FINOLA O’KANE and CIARAN O’NEILL (eds)
Manchester University Press
ISBN 9781526150998
£90
Reviewed By Sylvie Kleinman
Sylvie Kleinman is Visiting Research Fellow at the Dept of History, Trinity College Dublin.
As the Decade of Centenaries unfolded and transformed the methodologies and outreach strategies of Irish history itself, parallel research was exploring earlier and highly contentious layers of our internationalist past. Ireland has been increasingly positioned as working within and for mercantile empires, and not just as subjugated by British imperialism. Intertwined with the inexorable transnational question of enslavement, race and legacies, unpleasant history must nonetheless be written.
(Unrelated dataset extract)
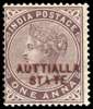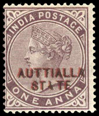 1885 1a brown-purple, opt type 2, in red and in black showing ERROR ‘AUTTIALLA’ from R.9/2, of the setting, large part o.g. typical centring and gum wrinkling, still very fine, a great rarity, desirable thus. One of only five examples in private hands ( besides two in the Royal Philatelic Collection and one in Tapling). RPSL Certificate (1975) SG 11ba £3250

Apart from the constant interface with American history, the build-up to the 2007 bicentenary of the UK Slave Trade Act engaged Irish historical scholarship, and the work of Nini Rogers inspired expansion. The very public findings of the Legacies of British Slave-Ownership Project at University College London (UCL) firmly defined a documented research terrain. Irish people engaged in extractive colonialism are traced everywhere, some initially trapped at the lowest levels but often eventually profiting from their ownership and exploitation of enslaved labour. Others interfaced with it as privileged élites. Multiple approaches to the topic, many shaped around the limitations of surviving sources, are ably explored in this multi-layered, erudite but highly readable and ground-breaking book.
The editors open with an extensive, dense and probing discussion, surveying historiography while identifying popular debates. The book is dedicated to David Dickson, who overviews Irish mercantile interests in the 1700s, and one chapter outlines the ongoing analysis of the UCL database, which identifies slave-owners in Ireland or creditors, mortgagees and annuitants with financial claims on the enslaved, c. 1763–1833. Perspectives from colonial history, literature, landscape, architecture and art reveal the extent to which Irish people were present at nearly every level of Caribbean society, starting with governors and planters but descending the social scale to include traders, small retailers and indentured labourers. Most chapters are historical and survey the period from c. 1620 to 1833, when the Caribbean as the ‘crucible of modern capitalism’ experienced extraordinarily rapid development. Very sensitive to public debate, this book explores, demonstrates and deliberately addresses contentious issues. Two revealing chapters are set in the 1600s. One charts the strategies deployed by Catholics in Barbados to successfully enter the emerging racial hierarchy. Rising from perfidious papists, property led to slave-ownership and confessional visibility was minimised. David Brown’s painstaking foray into the free and unfree in Ireland and Barbados, 1620–60, ably contextualises the Cromwellian transportations (1652–5) of Irish who ‘believed they were being enslaved’. His critical tackling of binary oversimplification in the ‘avalanche of recent interest’ is devoid of arrogance. As a robust illustration of ‘the duty of the historian’ in interpreting available evidence, students of any period should read it.
Predictably, the geographical focus across the ocean is most tightly on Jamaica and then Barbados, but restricting research to specifically British territories (the archives of which are evidently in English) is too narrow when developing an Irish perspective. Across many chapters, the mobility of the Irish between British and French imperial territories and the Spanish borderlands in the south of the future United States is investigated. If colonial governors and the plantocracy figure, they do not dominate. Layers of history from below unfold, as soldiers, settlers, slavers, merchants, traders, planters’ agents, brokers, attorneys, priests (often enslavers) and even polyglots (instrumental as translator-interpreters) are contextualised. Finola O’Kane convincingly demonstrates the importance of broadening the scope in an especially probing chapter, exploring the imperial design strategies of Franco-Irish plantations on Saint-Domingue, today Haiti and beset with poverty and upheaval. Saint-Domingue’s records as once the most lucrative slave economy on the globe are preserved in France, and reveal French advances in engineering, cartography, landscape design and colonial governance. The 1640s had led prominent Catholic families (e.g. Walsh, Butler and O’Sheil/Sheill, and O’Rourkes and McNamaras) to emigrate first to France’s Atlantic ports, there to rise in the triangular trade, make lucrative and often inter-Irish marriage alliances, and then live, work and benefit from the plantation system. French digitised cadastral maps partially compensate for the loss or dispersal of family archives, and showcase landscape design that became the Caribbean model in the 1700s. Synchronous mapping (1624) of English fortifications in Ireland and Bermuda stresses how vital imperial military infrastructure was for control, expansion and keeping ahead of Spain. Another richly illustrated comparison links Irish to later Jamaican square-towered and castellated houses built by the English, architectural colonial strategies in contested landscapes.
Natalie A. Zacek provides a sharply contemporary perspective on public debate and identity, deconstructing, inter alia, the ‘Irish slave’ meme in ‘How the Irish became black’. This invaluable publication disentangles the polarities of subjects and agents, insularity and global dynamics.